**Stored data:**
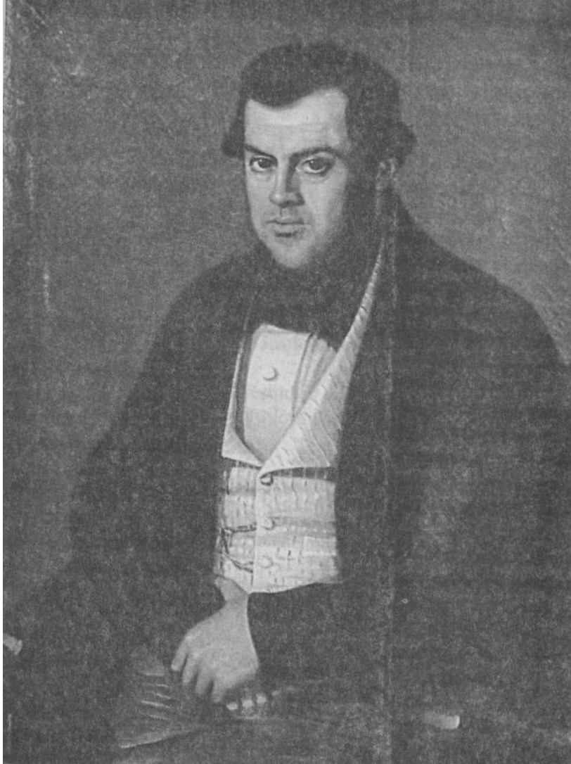
DOMNGO FAUSTINO SARMIENTO (1811-1888)
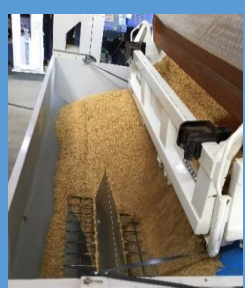
② トラックで運ばれた籾を乾燥機へ投入!!
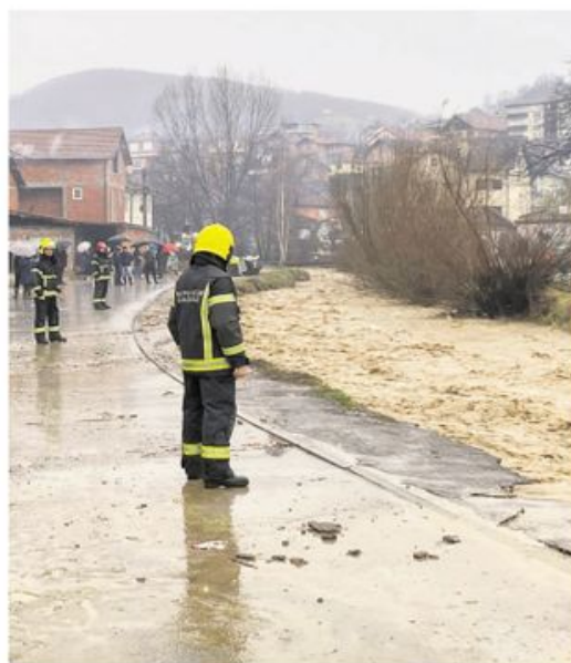
У Новом Пазару проглашена ванредна ситуација

У акцију су одмах ступили и сви надлежни да би помогли житељима поплављених подручја. О томе шта се догађа на терену чланове владе информисали су потпредседник владе и министар одбране Милош Вучевић и министар унутрашњих послова Братислав Гашић. Потпредседник Вучевић рекао је да су припадници Војске Србије на терену, а да су сви капацитети војске стављени на располагање. Одмах након седнице, министар Гашић упутио се у обилазак поплављених подручја. стр. 7
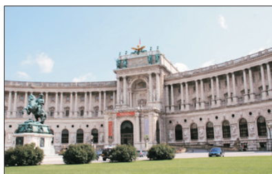
「維也納兒童合唱團表演場地」 荷夫堡

位於維也納市中心環城大道內的王宮建築群，既是歷代奧地利皇帝的冬宮，亦是世界聞名之維也納兒童合唱團的表演場地。荷夫堡建築風格獨特，有哥德式、文藝復興式，以及巴洛克式等，美麗而輝煌。
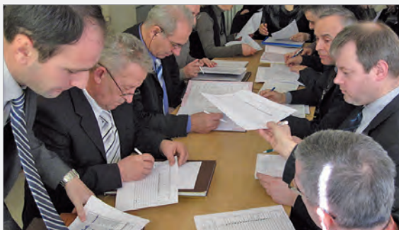
Bei den Konferenzen wird jeder einzelne Schüler besprochen

Die Ausgabe der Zeugnisse war am 1. Februar. Insgesamt, von wenigen Ausnahmen abgesehen, kann man mit den Ergebnissen zufrieden sein.
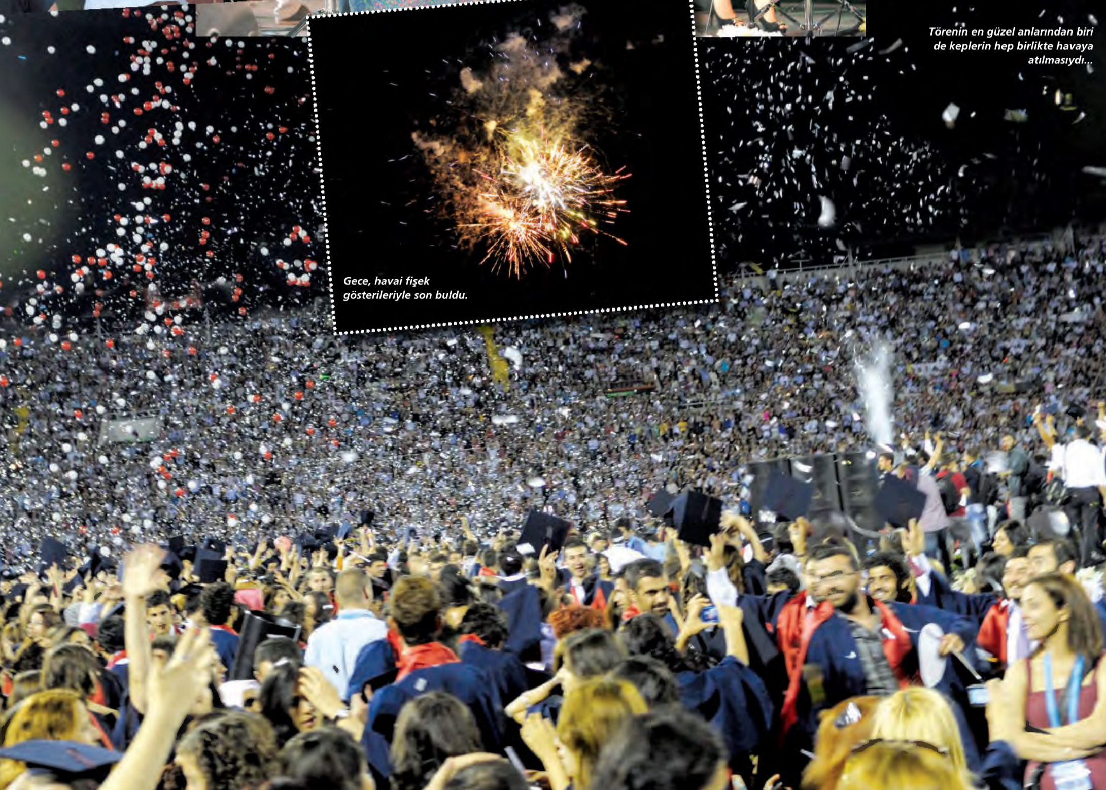
Gece, havai fişek gösterileriyle son buldu.
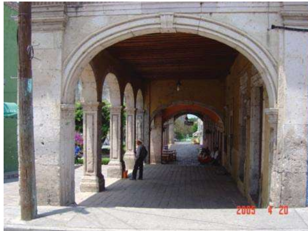
PORTAL ITURBIDE VISTO DESDE LA CALLE GUADALUPE VICTORIA

De acuerdo a su función y tamaño los espacios abiertos se clasifican en:
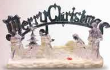
PRESEPIO ILUMINADO MUSICAL 27X37 CM ACRÍLICO IRACEMA
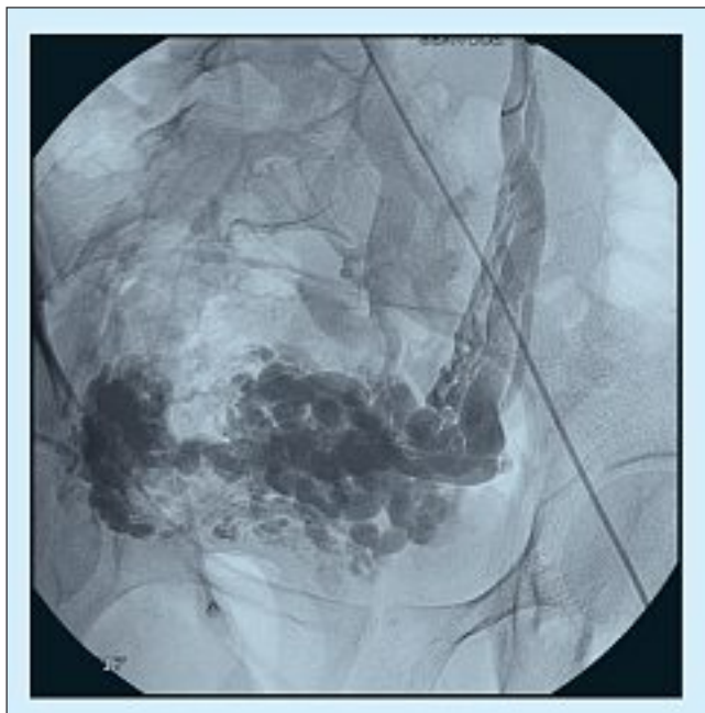
Fig. 3. – Varicocèle type 3 secondaire à une cause locale : syndrome de Masters-Allen (associé à une pathologie de reflux). Opacification faible et tardive des voies de drainage contrastant avec l'importance des varices génitales

tion à une varicocèle est possible (Fig. 5). La disparition de la symptomatologie nécessitera le traitement de la totalité des secteurs atteints. Enfin le SCP est parfois secondaire à une anomalie constitutionnelle du drainage pelvien ou à une insuffisance veineuse globale du pelvis responsable d'une dilatation de l'ensemble des afférents iliaques internes (Fig. 6), de stase et de varices.
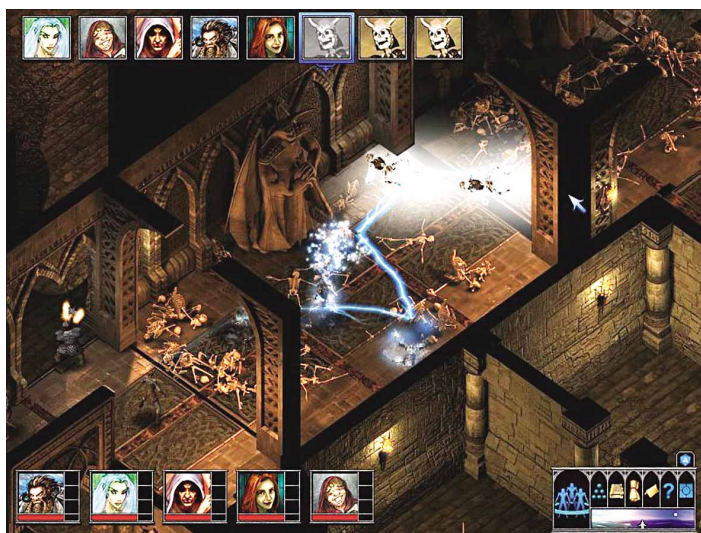
Die Skelettkrieger in den Katakomben sind nur in Massen eine Gefahr.

sich allerdings für einen bösen Trupp entscheidet, muss zu Beginn erst mal brave Wachleute meucheln. Die Entwickler schätzen, dass durchschnittliche Spieler allein mit der Hauptkampagne um die 50 Stunden beschäftigt sind; dazu kommen unzählige Nebenquests.
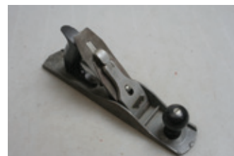
83 Millers Falls nr. 814 schaaf (type nr. 5).
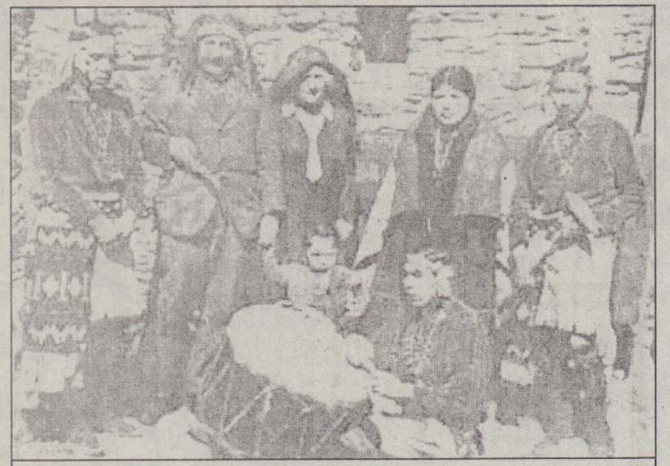
ஐன்ஸ்டீனும் எல்ஷாவும் செவ்வந்தியர்களுடன்

பெரிய உதைபந்தாட்டப் போட்டி நடைபெற இருந்ததாம். அதற்காக மாணவர்களின் பெற்றோரும் பழைய மாணவர்களும் அங்கு கூடியிருந்தனர். ஐன்ஸ்டீன் வருவதைக் கண்டவுடன் அவர்களெல்லாம் உதைபந்தாட்டத்தை மறந்து ஐன்ஸ்டீனை நோக்கி ஓடி வந்தார்களாம். ஆனால், ஐன்ஸ்டீன் தன்னைச் சுற்றி நடப்பதை உணராமல் சாதாரணமாக விவாதித்தபடி நடந்துகொண்டே போனாராம். அதாவது, ஐன்ஸ்டீன் ஒரு விடயத்தைப் பற்றிச் சிந்தித்துக்கொண்டிருக்கும்போது அவருக்கு அவரைச் சுற்றி என்ன நடக்கிறது என்பதை அவர் உணர்வதில்லையாம். அந்த அளவிற்கு அவரால் மனதை ஒருமுகப்படுத்திச் சிந்திக்க முடிந்ததால்தான் இவ்வளவு பாரிய கண்டுபிடிப்புகளை மேற்கொள்ள முடிந்திருக்க வேண்டும்.
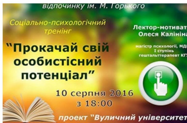
Рисунок 2 – проект за підтримки організації ФРІ «Вуличний університет».
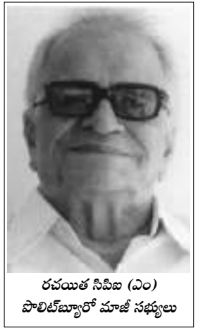
రవయిత సిపిఐ (ఎం) పొలిట్ బ్యూరో మాజీ సభ్యులు
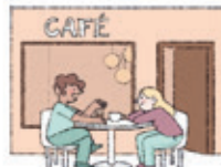
das Café coffee shop
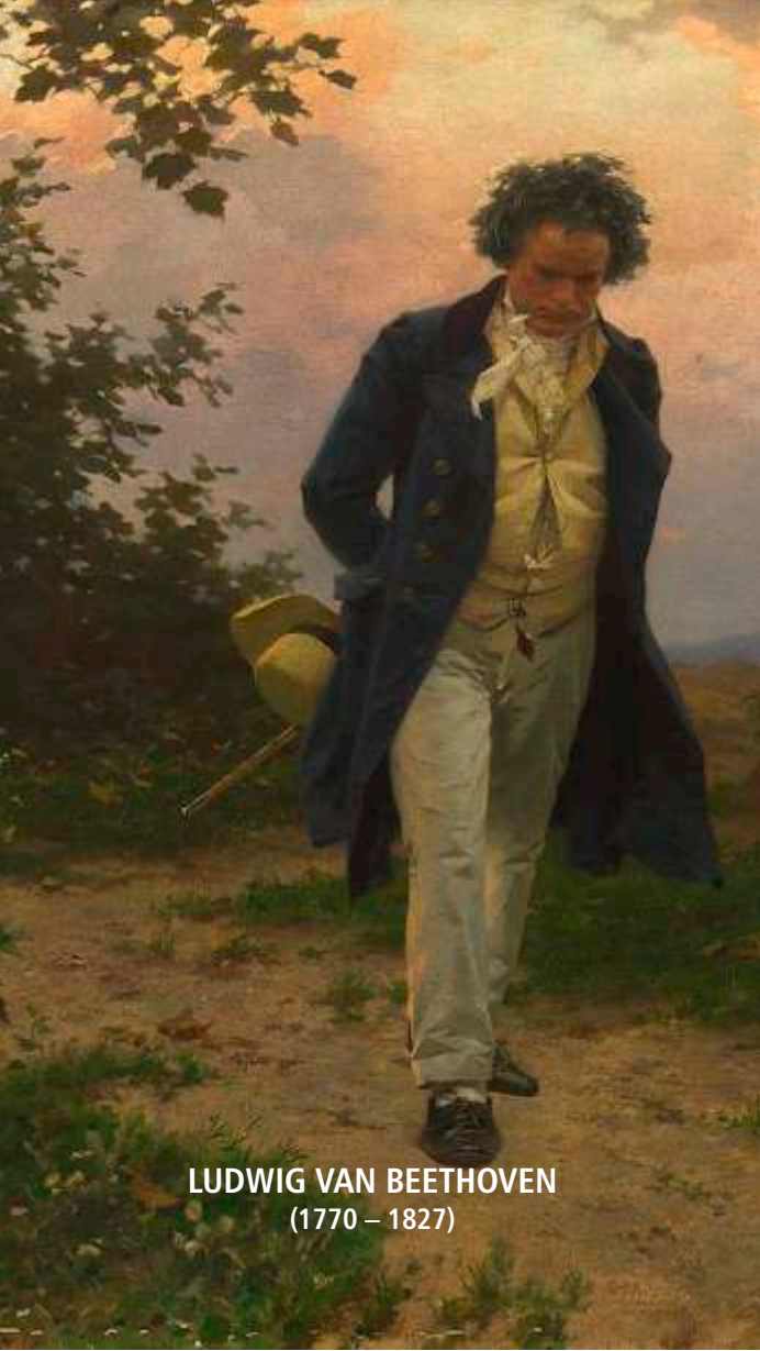
LUDWIG VAN BEETHOVEN (1770 – 1827)
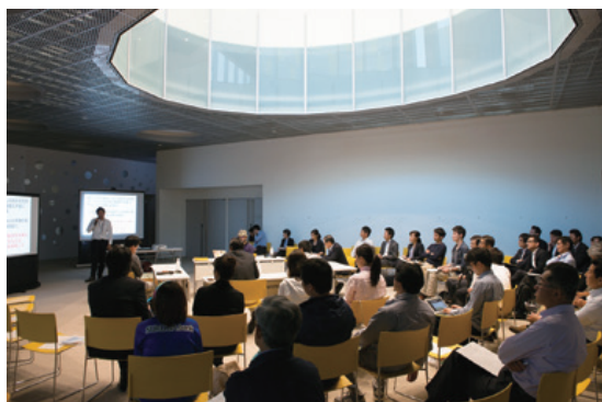
積極的な意見交換が行われる戦略会議

期待される効果としては「雇用の創出」「コミュニティの再生」「エリア価値の向上」などが挙げられ、「建て替えと比べて初期投資を抑制できる」「事業のスピードが早い」という特徴があり全国でも取り組む自治体が増加している官民一体の事業です。

**Task instructions:**
Write out exactly the run of lines above that starts at the line containing "sich allerdings für" and ends at the line containing "ஐன்ஸ்டீனும் எல்ஷாவும் செவ்வந்தியர்களுடன்". Include both, and leave the pictures out.

**Exercise solution:**
sich allerdings für einen bösen Trupp entscheidet, muss zu Beginn erst mal brave Wachleute meucheln. Die Entwickler schätzen, dass durchschnittliche Spieler allein mit der Hauptkampagne um die 50 Stunden beschäftigt sind; dazu kommen unzählige Nebenquests.
83 Millers Falls nr. 814 schaaf (type nr. 5).
ஐன்ஸ்டீனும் எல்ஷாவும் செவ்வந்தியர்களுடன்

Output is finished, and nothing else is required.